The side effects of keto shampoo are similar to finasteride, as it’s inhibiting DHT. Many people report having a dry scalp.
Microneedling, sometimes called collagen induction therapy, creates tiny puncture wounds in the skin. These cause a micro-injury with inflammation that brings more blood flow to the skin. This brings more nutrients and stem cells that help your hair to grow, and it promotes the production of collagen. Collagen is important because it’s in the same layer of skin as your hair follicle. It literally frames the hair follicle, keeping it healthy. A study on mice showed that those with more collagen had more hair density. A study by Dhurat et al. showed that “(82%) patients reported more than 50% improvement” over a span of 12 weeks with microneedling.

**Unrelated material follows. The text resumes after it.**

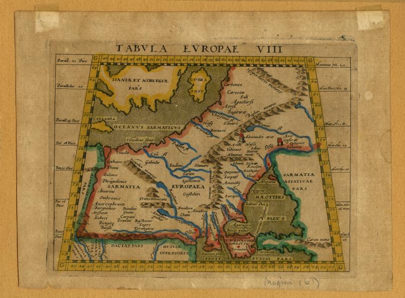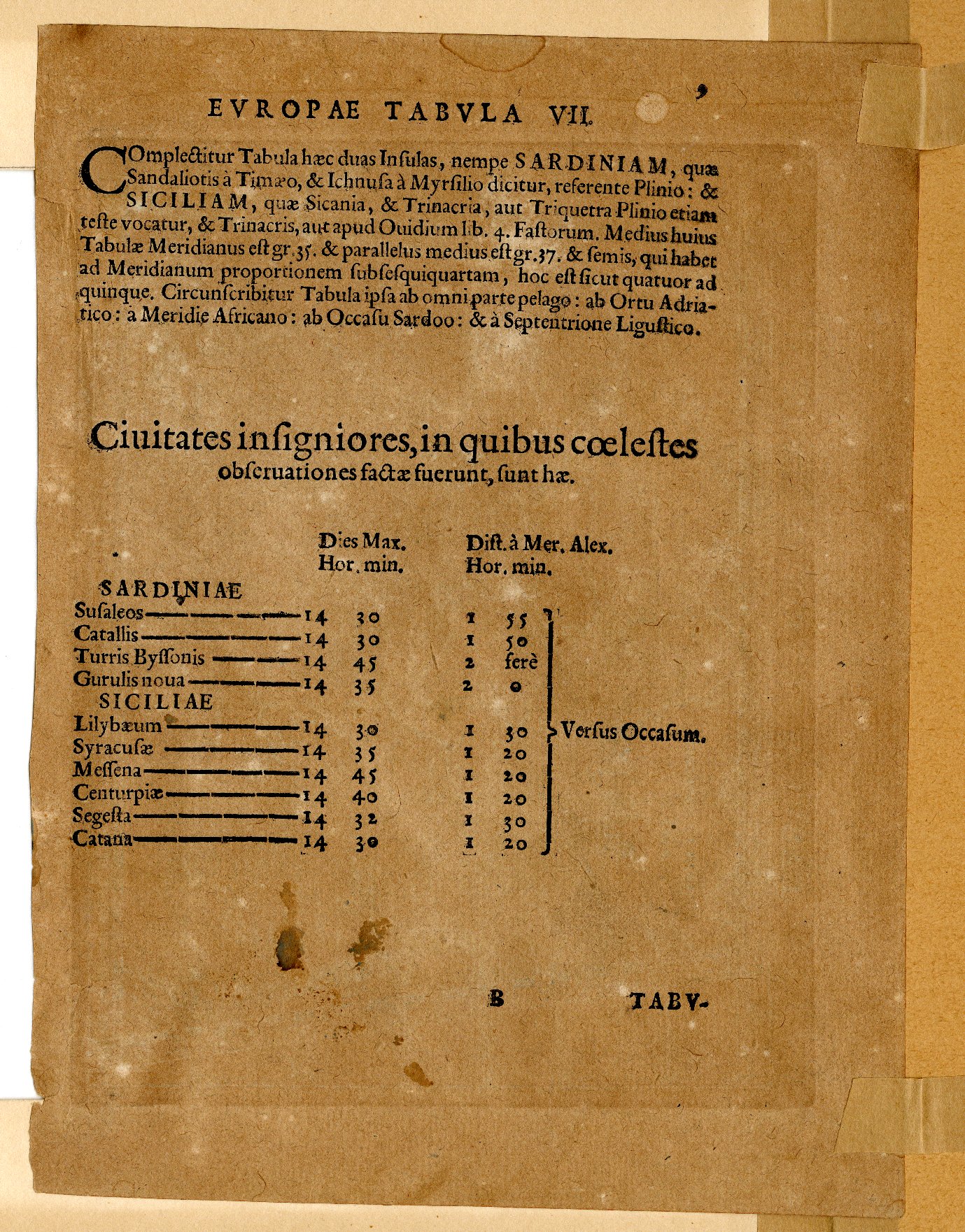 .Lapas otrā pusē virsraksts "Europae Tabvla VII", lpp. nr. "9" un teksts latīņu valodā, lapas apakšā "B" un "TABV-".

You can buy a full microneedling system with needles that you need to replace. Or you can buy a cheap dermaroller that you roll on the top of your head. I think the microneedling system is more comfortable.
The dermaroller also helps increase product absorption. But this needs careful consideration if you’re going to apply this to hair loss. If you apply minoxidil or topical finasteride to your needle punctures before they heal, you unnecessarily risk higher systemic absorption of the drug and more side effects, for no extra benefit. Wait 24 hours before applying a dermaroller.
But if you’re interested in this route, you basically two options:
- Dermaroll every week or 10 days with a needle size of 1.5 mm. Wait at least 24 hrs before applying minoxidil.
- Dermaroll every day or every other day with a needle length of 0.25 or 0.5 mm, and apply minoxidil as usual. This won’t increase collagen production. But it will still bring some blood to the site and increase minoxidil absorption without it going into your bloodstream as much.
Microneedling with PRP
Microneedling with platelet-rich plasma (PRP) is essentially regular old microneedling but with one twist. Your blood is drawn and platelets are extracted from your blood serum. This blood serum is teaming with platelets, which stimulate cells that help in healing and growth. Find a specialist in microneedling with PRP for hair loss, make sure they have good reviews and certification.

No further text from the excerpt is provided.